During the Vietnamese Lunar New Year Tết Holiday starting on January 30th of 1968, the VPA launched a general offensive in more than 60 cities and towns throughout south of Vietnam against the US Army and Army of the Republic of Vietnam-(ARVN), beginning with operations in the border region to try and draw US forces and ARVN troops out of the major cities. In sequential coordinated attacks, the US Embassy in Saigon, Presidential Palace, Headquarters of ARVN and ARVN's Navy, TV and Radio Stations, Tan Son Nhat International Airport in Saigon were attacked and invaded by commando forces known as "Dac Cong".

This offensive became known as the "Tet Offensive."

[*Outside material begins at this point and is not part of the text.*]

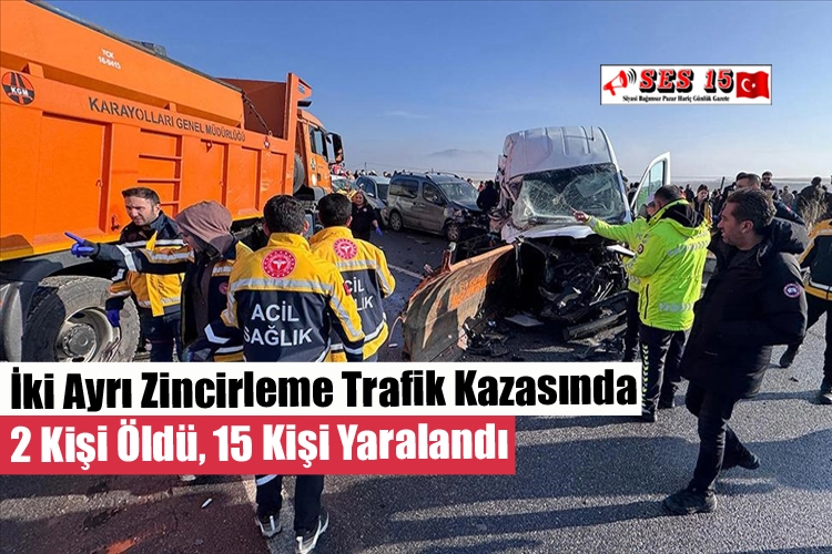 Yaklaşık 30 aracın karıştığı trafik kazalarında ilk belirlemelere göre 2 kişi öldü, 15 kişi yaralandı, yol trafiğe kapatıldı.

The offensives caught the world's attention day-by-day and demoralized the US public and military, both at home and abroad. The VPA sustained heavy losses of its main forces in southern military zones. Some of its regular forces and command structure had to escape to Laos and Cambodia to avoid counterattacks from US forces and ARVN, while local guerrillas forces and political organizations in South Vietnam were exposed and had a hard time remaining within the Mekong Delta area due to the extensive use of the Phoenix Program and were never restored.

Although the VPA lost militarily to the US forces and ARVN in the south, the political impact of the war in the United States was strong.[8] Public demonstrations increased in ferocity and quantity after the Tet Offensive. Onwards from 1970, the 5th, 7th, and 9th divisions had fought in Cambodia against US forces, ARVN, and Cambodian Prime Minister Lon Nol's troops but they had gained new allies: the Khmer Rouge and guerrilla fighters supporting deposed Prime Minister Sihanouk. In 1975 the VPA were successful in aiding the Khmer Rouge in toppling the Lon Nol's US-backed regime, despite heavy US bombing.

Nearly two years after the United States' withdrawal from Indochina in accord with the terms of the 1973 Paris Peace Accords, the VPA launched a Spring Offensive aimed at uniting Vietnam. Without direct support of its US ally, and suffering from stresses caused by dwindling aid, the ARVN was ill prepared to confront the highly motivated VPA, and despite numerical superiority of the ARVN in tactical aircraft, armored vehicles and overwhelming three to one odds in regular troops, the VPA quickly secured victory within two months and captured Saigon on April 30, 1975, effectively ending the 70 years of conflict stemming from French colonial invasion of the 19th century and unifying Vietnam.

Military activities (1975–1990)

Main article: Sino-Vietnamese conflicts 1979–1990

Towards the second half of the 20th century the armed forces of Vietnam would participate in organized incursions against the neighboring Indochinese countries of Laos, Cambodia and China.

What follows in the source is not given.